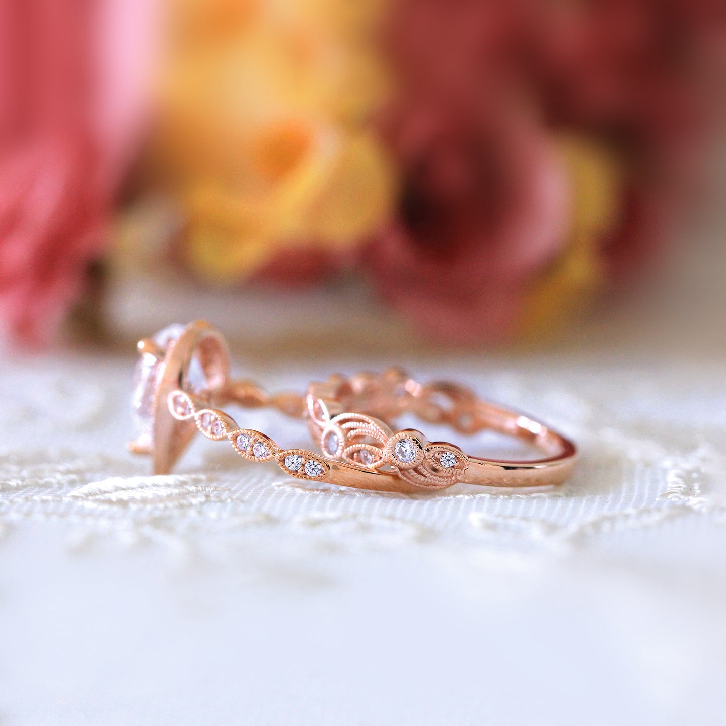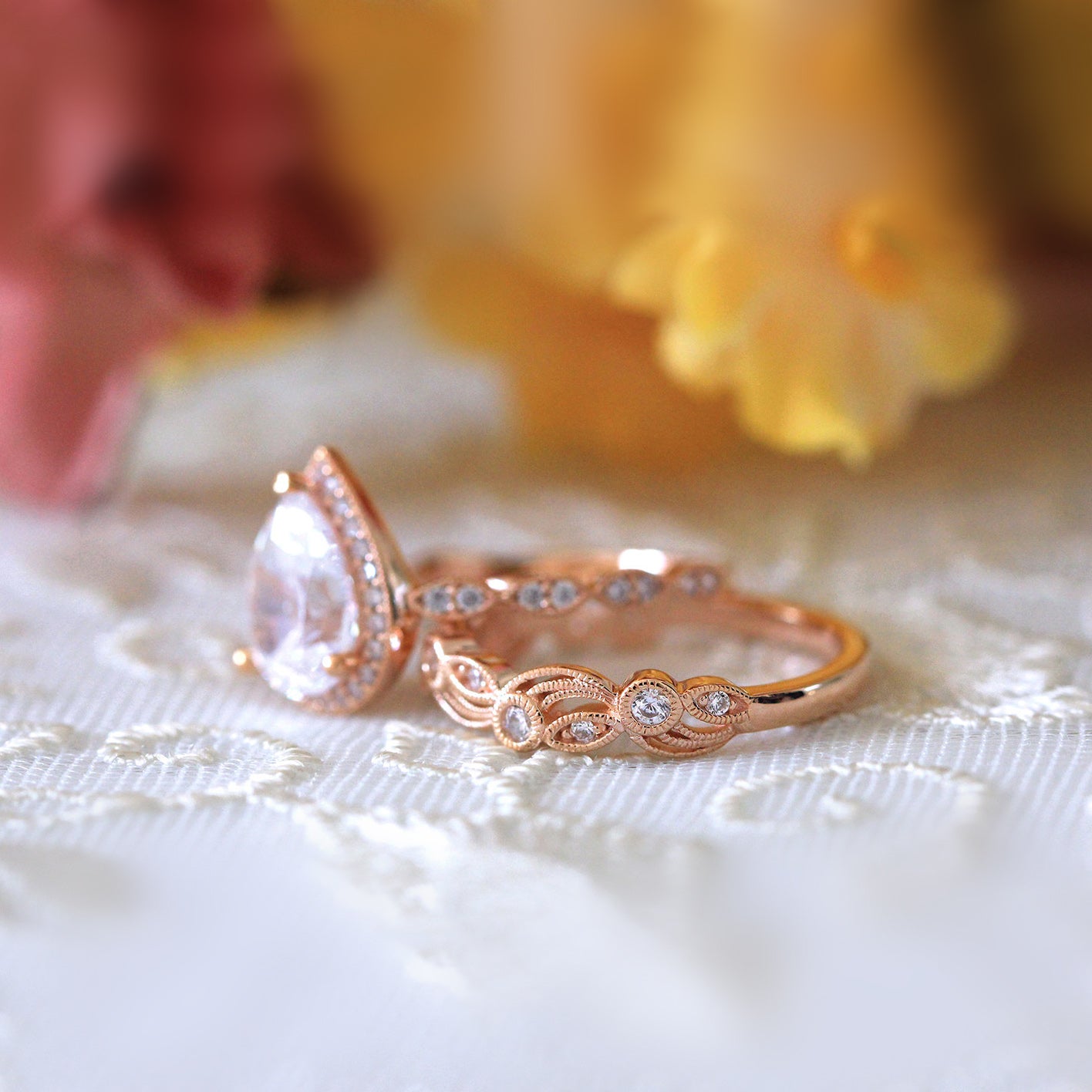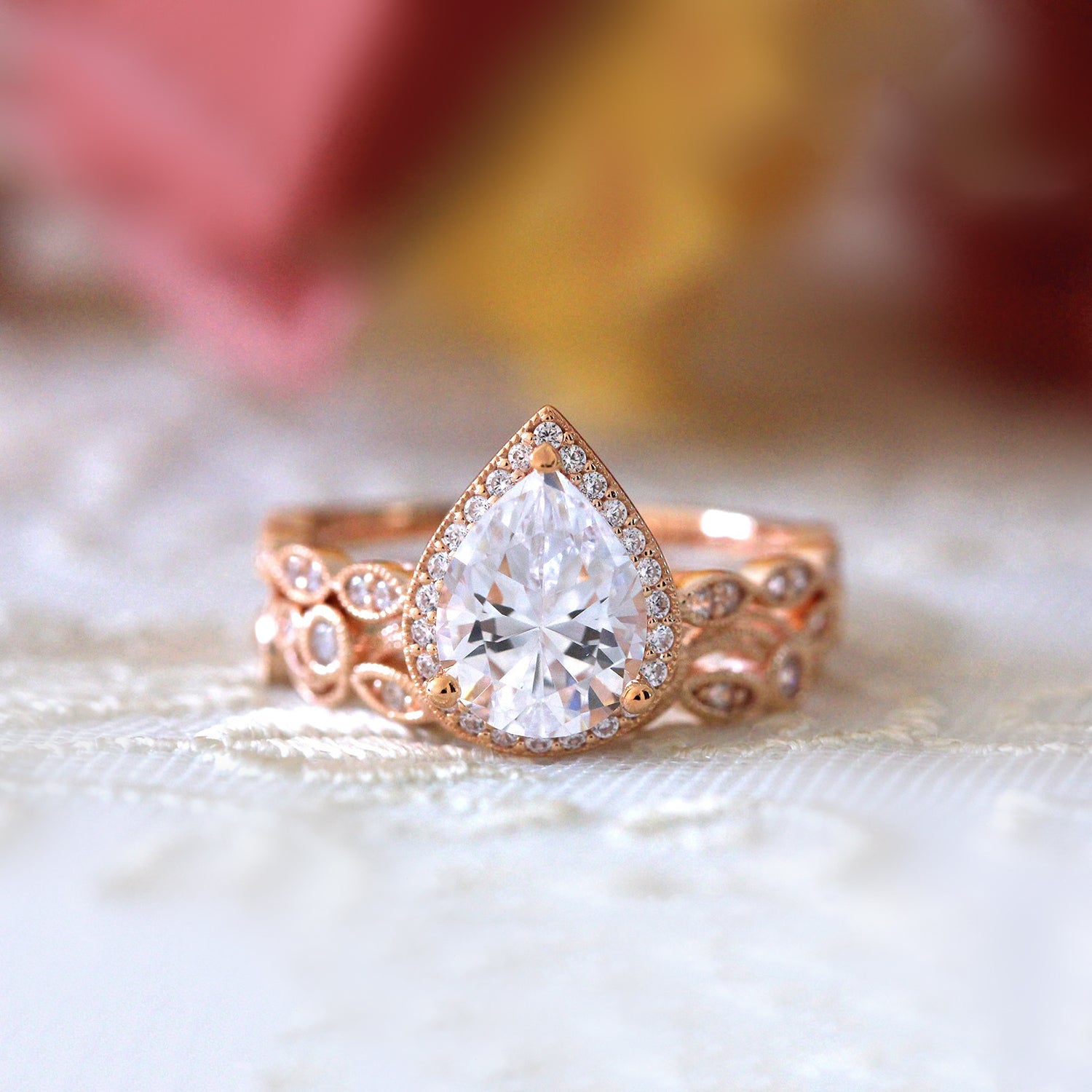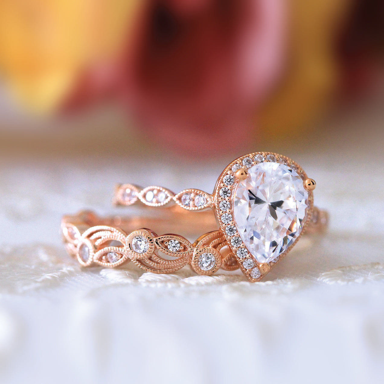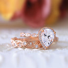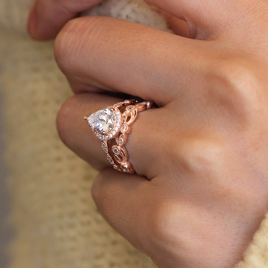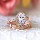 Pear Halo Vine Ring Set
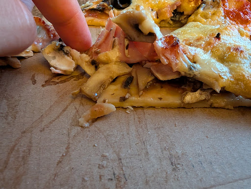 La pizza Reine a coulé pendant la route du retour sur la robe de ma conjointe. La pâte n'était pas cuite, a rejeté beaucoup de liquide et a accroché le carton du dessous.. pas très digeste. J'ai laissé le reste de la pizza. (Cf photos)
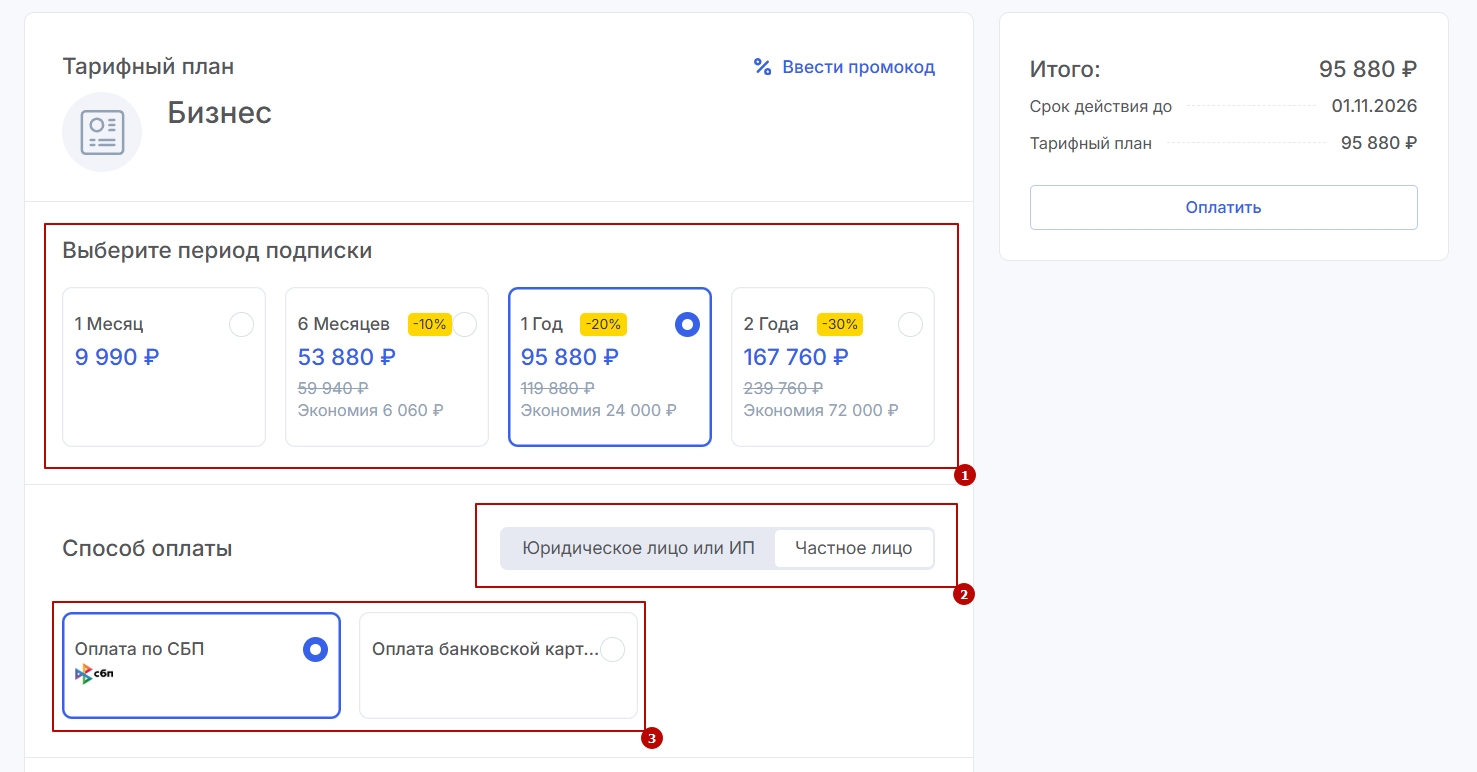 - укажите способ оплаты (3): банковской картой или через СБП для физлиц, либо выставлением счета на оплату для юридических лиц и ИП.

> **Task requirements**: Reproduce the lines from the one with "La pizza Reine" through the end of the data, keeping both end lines, adding nothing, and dropping any pictures.

> **Answer below**:
 La pizza Reine a coulé pendant la route du retour sur la robe de ma conjointe. La pâte n'était pas cuite, a rejeté beaucoup de liquide et a accroché le carton du dessous.. pas très digeste. J'ai laissé le reste de la pizza. (Cf photos)
 - укажите способ оплаты (3): банковской картой или через СБП для физлиц, либо выставлением счета на оплату для юридических лиц и ИП.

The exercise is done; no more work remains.